The idea is as follows: Petunia married a biochemistry professor, instead of an abusive plot device, and Harry grew up as a child prodigy with a particular interest in science and rationality. Who then finds out that magic is real and the way he thought the universe worked is not. Bit of a nasty shock, but he got better..

Harry goes to Hogwarts and starts looking at magic with a sceptical eye, bringing some disappointments but also pretty significant discoveries. I'm not going into which ones, but apparent rules of magic are broken and, at age eleven, Harry seems to have potential to be the most powerful wizard/scientist ever. But, you can't just power-up the protagonist and leave the antagonists as they were. That way lies the Pitfall of Sue.

Which leads me to one of my favourite things about MoR, Professor Quirrell. The original Quirrell was a weak pawn of the Dark Side, whose main thing was pretending to be a stuttering nobody while secretly being Voldemort's host (if that was a spoiler, I don't know why you're reading about HP fanfic) . MoR Quirrel is badass. And also, the only wizard that seems to get, on the same level as Harry, the power of Muggle science and rationality.

Many are the literary merits of MoR, and I'm not the best person for enumerating them. I'll just say, f you ever read PS/SS (that being the first Harry Potter book), you'll find MoR hilarious, exciting, and possibly fascinating. But that's only half the reason I'm blogging. MoR is rationalist fiction. The fiction part is excellent, but the rationalist part is really what I loved.

I considered myself relatively good at being rational. I'm an atheist, I don't fall for new age bullshit, I could probably refute most arguments for paranormal phenomena from memory, etc. But, it's easy to be "rational" when the rational conclusion is handed to you on a silver platter. I really didn't know nearly as much as I thought about how I was tricking myself.

I went into MoR expecting mostly familiar arguments, science I already knew about, biases and fallacies I could easily name and give examples of.
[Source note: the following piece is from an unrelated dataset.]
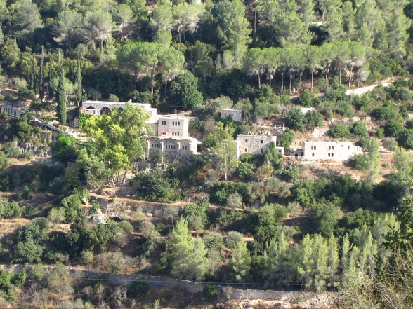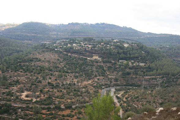 위쪽에 둥근 표시는 에벤 사피르 모샤브 마을이고 아래쪽 둥근 표시가 수도원이다. 수도원 아래쪽에 나 있는 도로가 있는 곳이 소렉 골짜기이다.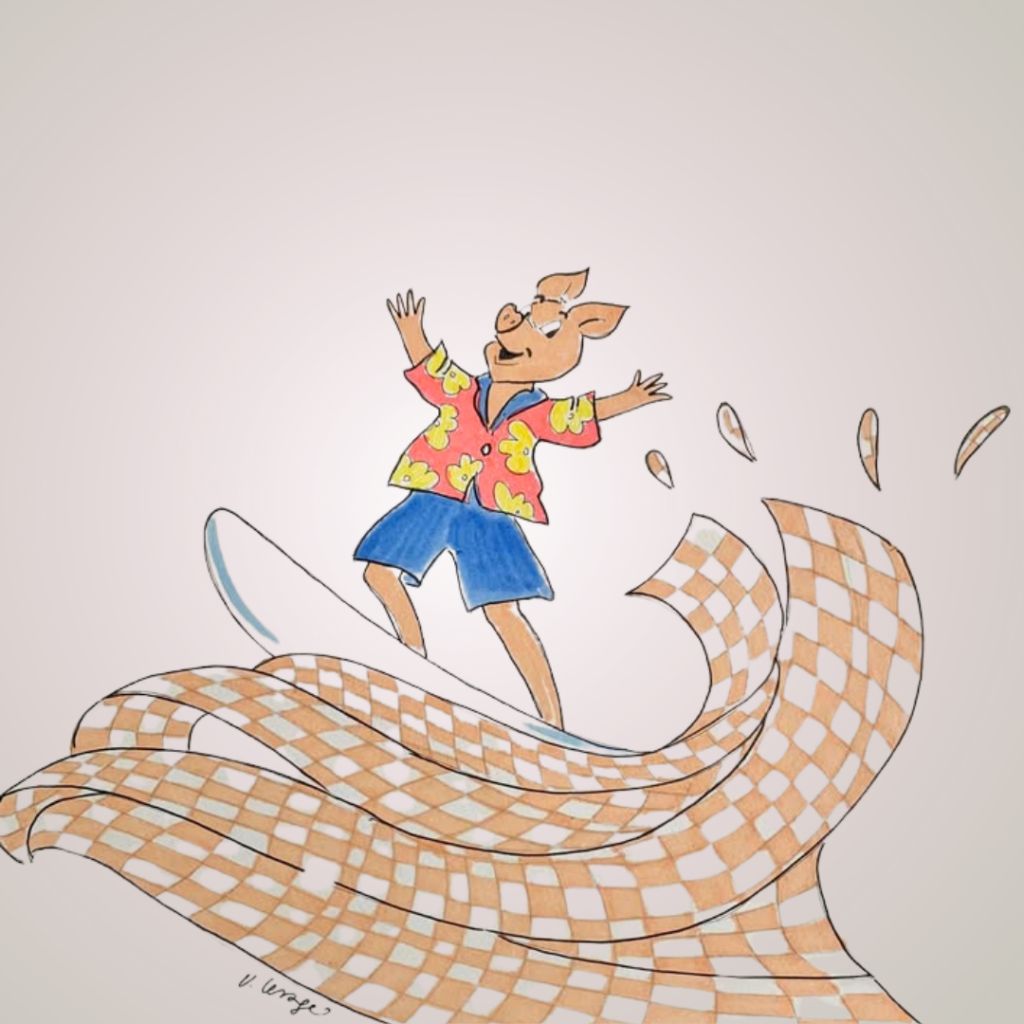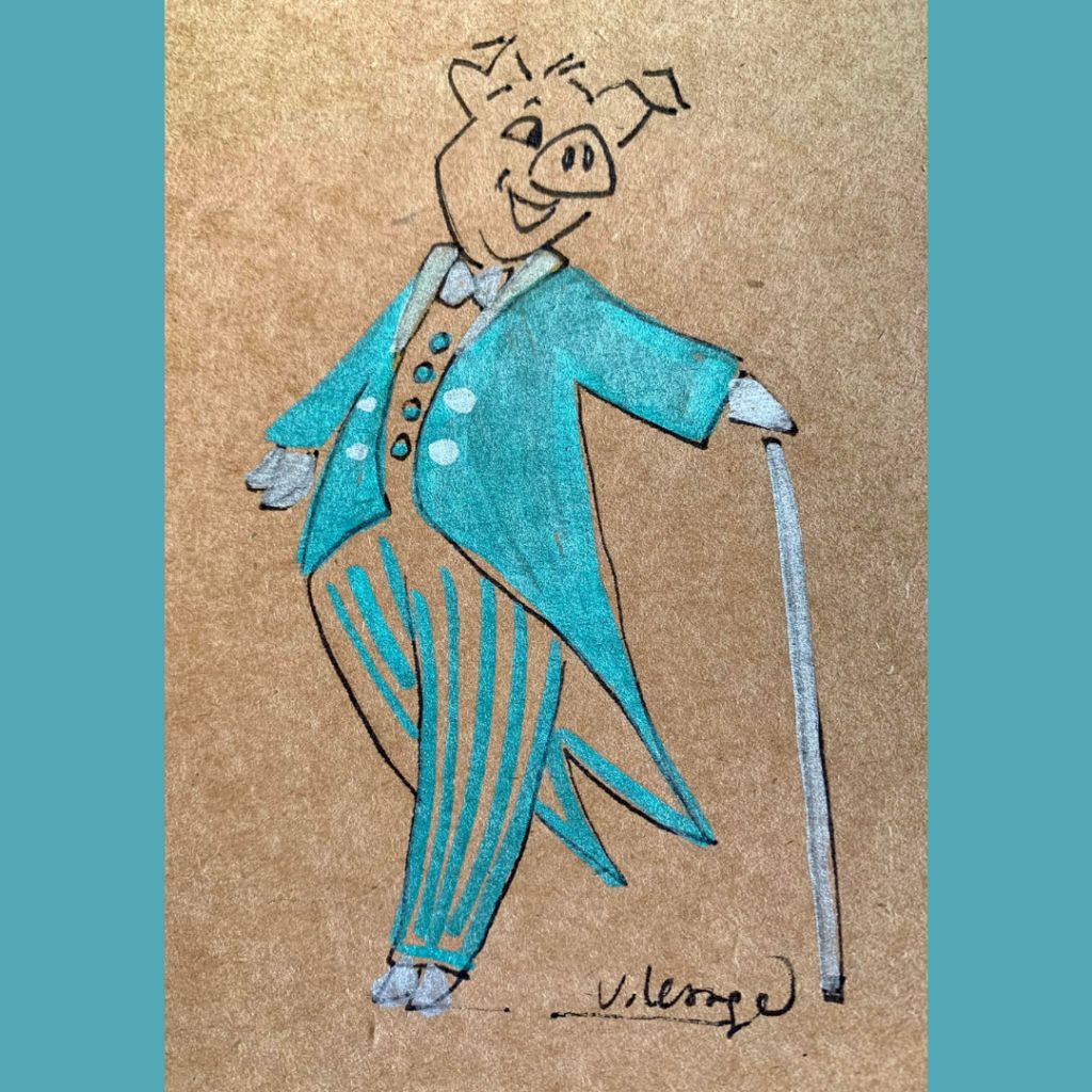 Cochon (bis) : le « Monsieur » est vu ici par la plume et le pinceau de Véronique Lesage, artiste peintre à René et membre de la Confrérie des Chevaliers des Rillettes sarthoises. Toutes ses œuvres à découvrir sur www.veronique-lesage-artiste.com

I was wrong. I found so much more. Just to give the biggest example, I barely knew anything about Bayes' rule and how to apply it before reading MoR. I only had the vague notion that there were a few common probability problems I didn't know how to solve yet. That turned out into quite a significant discovery

Eliezer Yudkowsky, the author of MoR, introduced the concepts covered in the fanfic in LessWrong, a  collaborative blog dedicated to rationality. I've been spending quite a lot of the last few weeks there, and it's been a learning experience of the kind I haven't had in, um, ever. Only my discovery of FSTDT comes close, and that was much more spread out in time, and not quite as powerful. Though it did set up my interest in rationality in the first place, so it can't be totally separated or discounted.

But I digress. If you have even the slightest interest in cognitive bias, science, reasoning, and other related topics, I strongly recommend reading MoR. Odds are, you'll learn something new. Or several somethings.